NWB files can be loaded with :
nwb = nap.load_file("path/to/my.nwb")
or directly with the NWBFile
class:
nwb = nap.NWBFile("path/to/my.nwb")
print(nwb)
my.nwb
┍━━━━━━━━━━━━━━━━━┯━━━━━━━━━━━━━┑
│ Keys │ Type │
┝━━━━━━━━━━━━━━━━━┿━━━━━━━━━━━━━┥
│ units │ TsGroup │
┕━━━━━━━━━━━━━━━━━┷━━━━━━━━━━━━━┙
The returned object behaves like a dictionnary. The first column indicates the keys. The second column indicate the object type.
print(nwb['units'])
Index rate location group
------- ------ ---------- -------
0 1.0 brain 0
1 1.0 brain 0
2 1.0 brain 0
Overview of advanced analysis#
The process
module of pynapple contains submodules that group methods that can be applied for high level analysis. All of the method are directly available from the nap
namespace.
Important
Some functions have been doubled given the nature of the data. For instance, computing a 1d tuning curves from spiking activity requires the nap.compute_1d_tuning_curves
. The same function for calcium imaging data which is a continuous time series is available with nap.compute_1d_tuning_curves_continuous
.
This module computes correlograms of discrete events, for example the cross-correlograms of a population of neurons.

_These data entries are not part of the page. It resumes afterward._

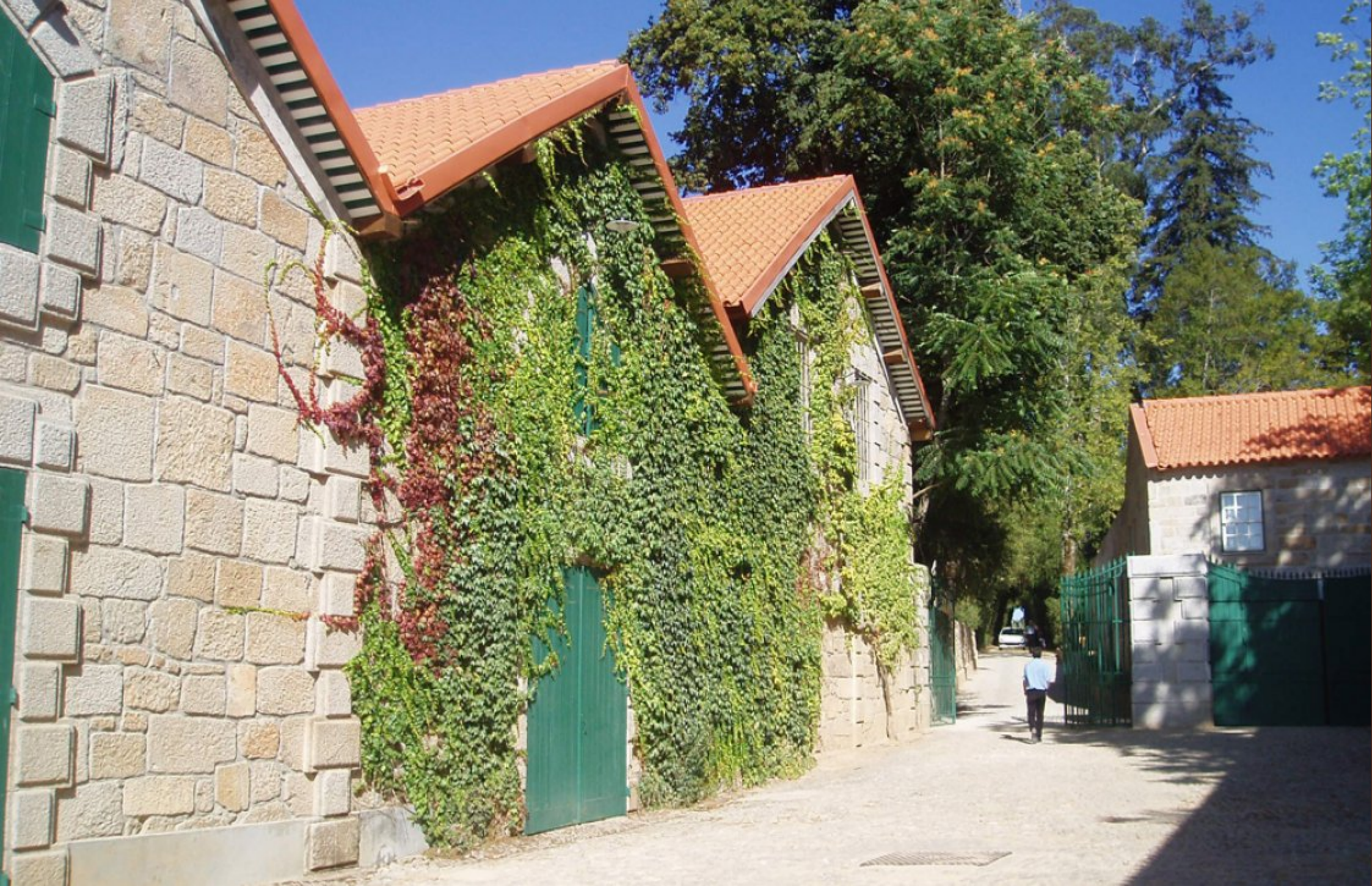
Parador Casa da Ínsua (Portugal) Surroundings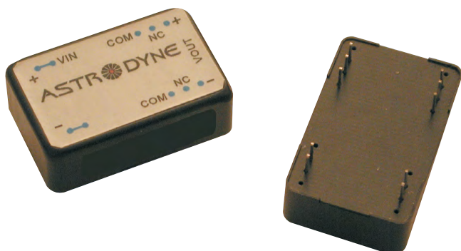
Unit measures 0.8"W x 1.25"L x 0.5"H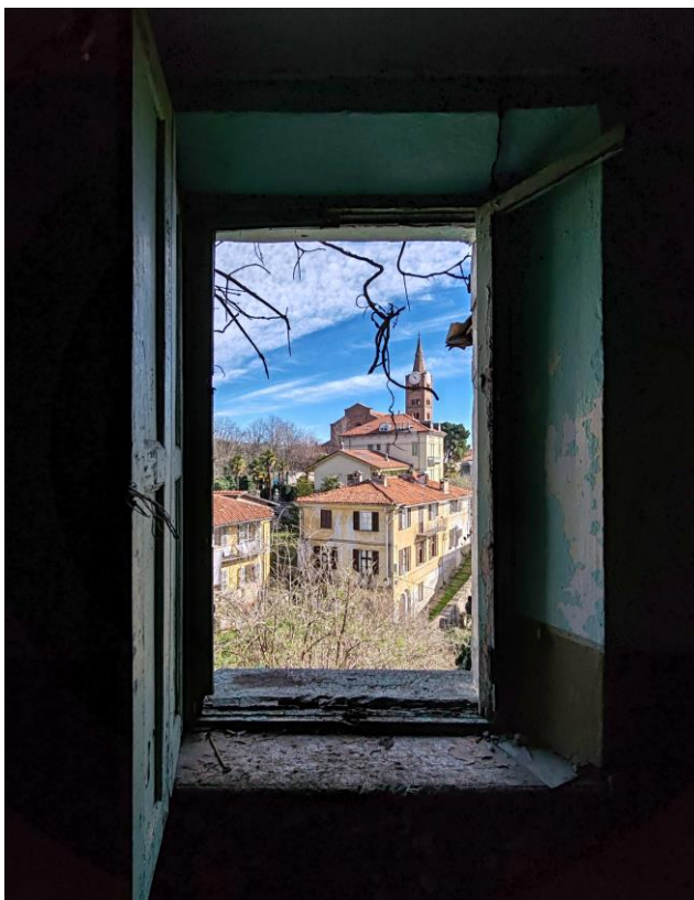
Fig. 10: View from one of the rooms on the top floor of the north wing. The proximity to the church of St. Maurizio, already part of the Borgo, clarifies the possible unintentional mystification about the Palace's ownership (R. Rudiero 2024)

Pinerolo area. By tradition and mythography – and also in a factual way (being an important architectural testimony of one of the pivotal centers of the Principality) – the Palace belongs to a specific branch of the Savoy family. Thus, in recent years, it has been involved in projects aimed at valorizing the entire territorial asset south of Turin by using the House of Acaia as a propeller for cultural tourism 7 . This occurrence had the merit of prompting new studies and research, producing a virtuous circle. This is demonstrated, for example, by the itinerant conference entitled Tutela, conservazione e valorizzazione dei beni Acaia in Piemonte (Protection, Conservation and Valorization of Acaia Assets in Piedmont), held in Turin, Pinerolo and Fossano in December 2018, organized by the Regional Council of Italia Nostra Piemonte, which also gathered several proposals on how to conserve the Palace in Pinerolo (Trombotto, 2019).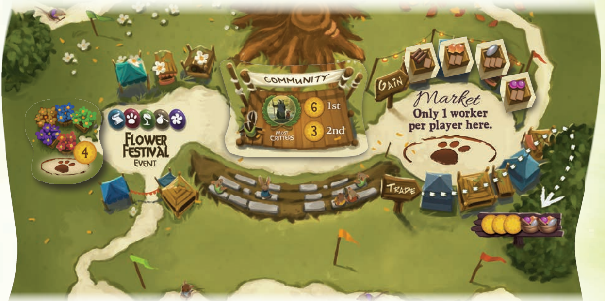
Bellfaire board set up to play with the Flower Festival, Garland Awards, and Market modules.

The Bellfaire board contains the Market location, and spaces for the Flower Festival Event and Garland Award tiles.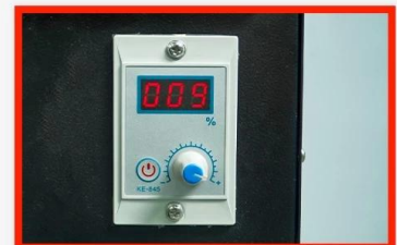
Tension Adjustment Knob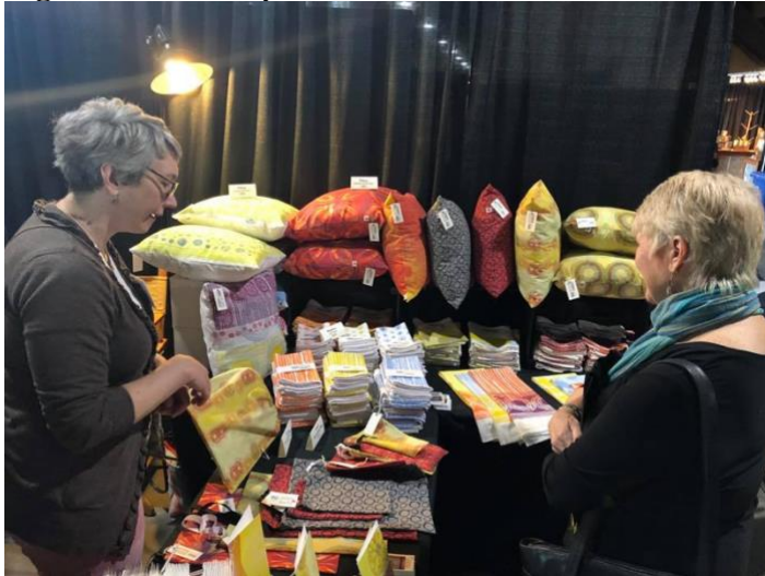
Figure 3: Kentucky Arts Council: How We See Ourselves

KAC submitted Figure 4 to represent a small, isolated, rural arts organization in Appalachia. While the Star Theatre perceived themselves to be integral to their community, the KAC did not immediately think of an organization such as a community theatre to represent the arts in the region. KAC perceived rural arts in Appalachia to be folk art, in this specific photograph, dulcimer making. There is incongruity in these photographs between how both organizations perceive themselves and one another.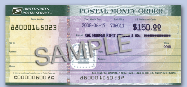
Point of Service (POS) Money Order

U.S. Postal Service<sup>™</sup> money orders are among the most secure financial instruments in the world. Genuine U.S. Postal Service money orders contain design features that maximize their security.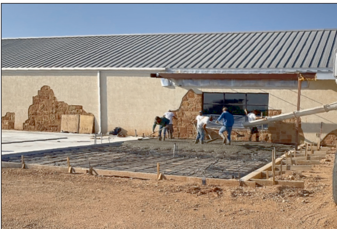
Construction! A new 3500 square foot addition to the museum at Fort Chadbourne is currently being constructed. The area will house a new exhibit area and a theater.

based on effectiveness in addressing criteria such as safety, pavement condition, capacity, and rural connectivity, with opportunities for public input at the both the state and local levels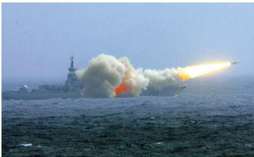
Dozen of warships of the South China Sea Fleet were deployed in the competitive training to improve combat capability of the fleet, Xinhua said.

Persuading China to consider its global responsibilities has not been easy, but working through multilateral channels and building international pressure has effectively induced China to modify its stance, at times, on certain controversial issues, among them nonproliferation and dealing with North Korea. The United States must strengthen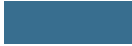
Hawaiian Blue SPL0299X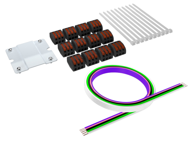
Daisy Chain Mount Kit: SR JOIN KIT-G2

Continuous-run mounting is a breeze with the joiner bracket accessory.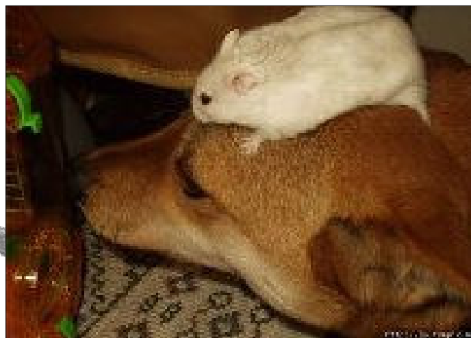
Take time to enjoy the company of friends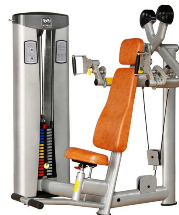
H-03 Shoulder Press

Exercise position: Trapezius, Levator Scapulae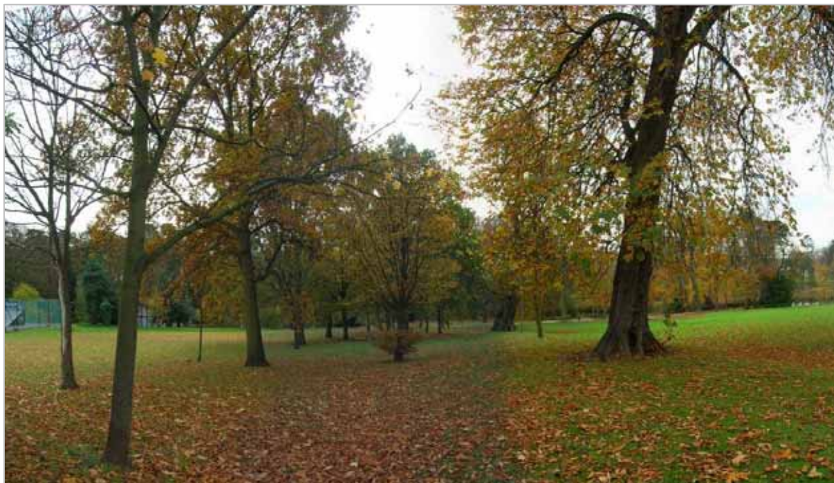
2007 Avenue of trees

There is only one formal footpath which runs through this sub area, leading from the entrance gate off the A435 Evesham Road and running adjacent with the tennis courts and skateboard park.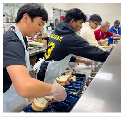
▲ SLS students help prepare a meal for guests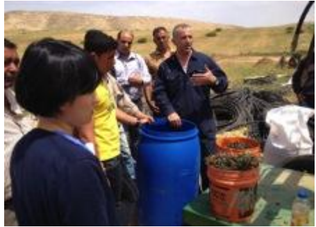
Field day about silage making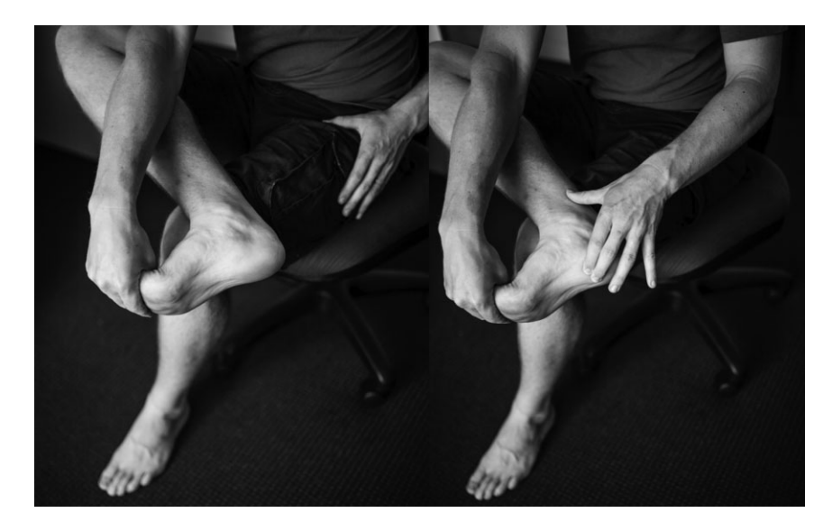
Fig. 1. Plantar-specific stretching was performed with the patient crossing the affected leg over the contra lateral leg. While placing the fingers across the base of the toes, the patient pulled the toes back toward the shin until they felt a stretch in the arch or plantar fascia. The patients were instructed to use their other hand to palpate the tension in the plantar fascia to confirm the stretch.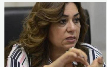
Manal Awad Mikhael , first female Coptic Christian governor and second female governor in Egypt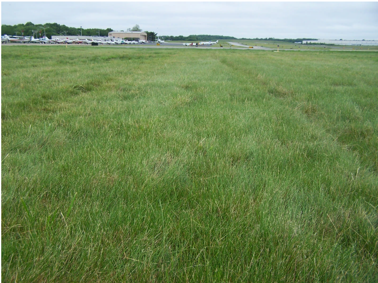
FlightTurf® at Northeast Philadelphia Airport (PNE)

Turfgrass Technology Developed to Increase Safety and Efficiency on Airfields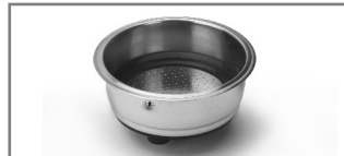
Dual function sieve (for 1 or 2 cups)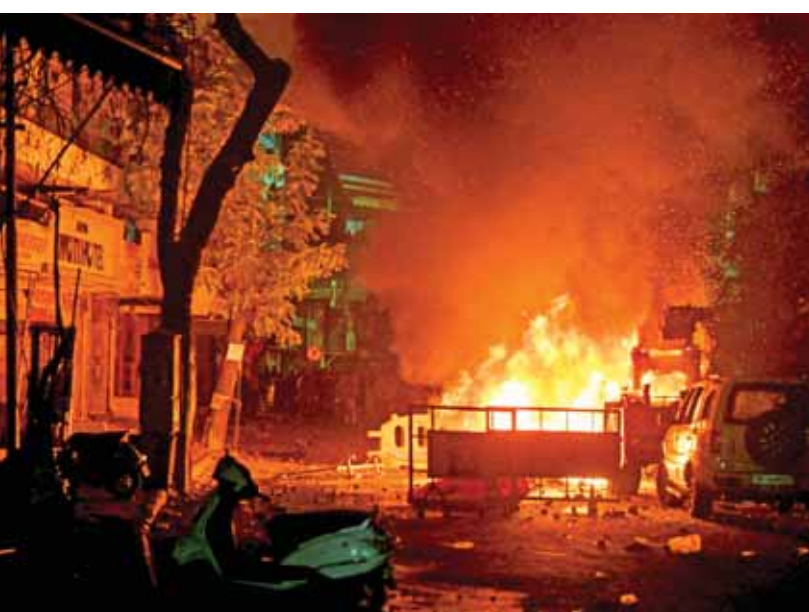
A fire set by miscreants amid violence following an agitation by a right-wing group demanding removal of Aurangzeb's tomb, in Nagpur

A massive war of words broke out in Maharashtra on Tuesday over the communal violence witnessed in Nagpur on Monday night, with chief minister Devendra Fadnis charging that the riots were "pre-planned" and the Opposition Maha Vikas Aghadi (MVA) blaming the BJP-led MahaYuti for the disturbances in the otherwise peaceful orange city.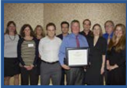
Project team accepting Innovative Transportation Solutions Award

The internal decision-making process involved many ODOT teams, including project development, information technology, construction, public affairs, community affairs, and planning. The work included installation of new sign bridges, installation of advisory speed signs and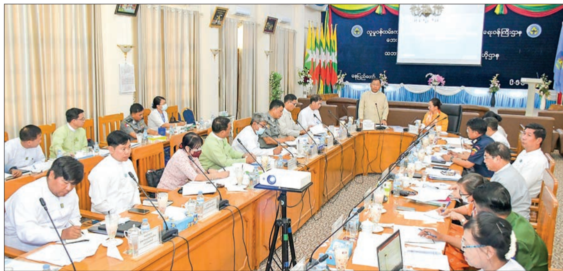
The work process meeting of the Disaster Management Centre in progress at the Ministry of Social Welfare, Relief and Resettlement in Nay Pyi Taw yesterday.

Then, NDMC Vice-Chair 2 Union Minister Dr Thet Thet Khine talked about the opening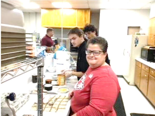
Culinary students and friends working in the kitchen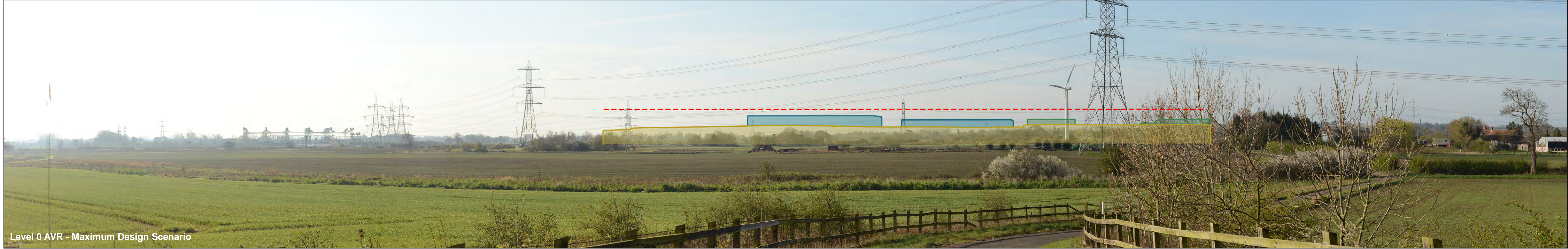
Level 0 AVR - Maximum Design Scenario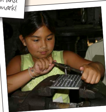
I got to operate this machine in a working Machine Shop!

"It's an educational view of fun, or vice-versa."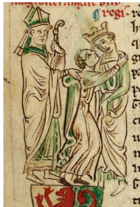
St Edmund forces a baron to make friends with King Henry III, who doesn't seem enthusiastic.

The decoding module perfoms bayesian decoding given a set of tuning curves and a TsGroup
.
Bandpass, lowpass, highpass or bandstop filtering can be done to any time series using either Butterworth filter or windowed-sinc convolution.
The perievent module has a set of functions to center time series and timestamps data around a particular events.
The randomize module holds multiple technique to shuffle timestamps in order to create surrogate datasets.
The spectrum module contains the methods to return the (mean) power spectral density of a time series.
Tuning curves of neurons based on spiking or calcium activity can be computed.
The wavelets module performs Morlet wavelets decomposition of a time series.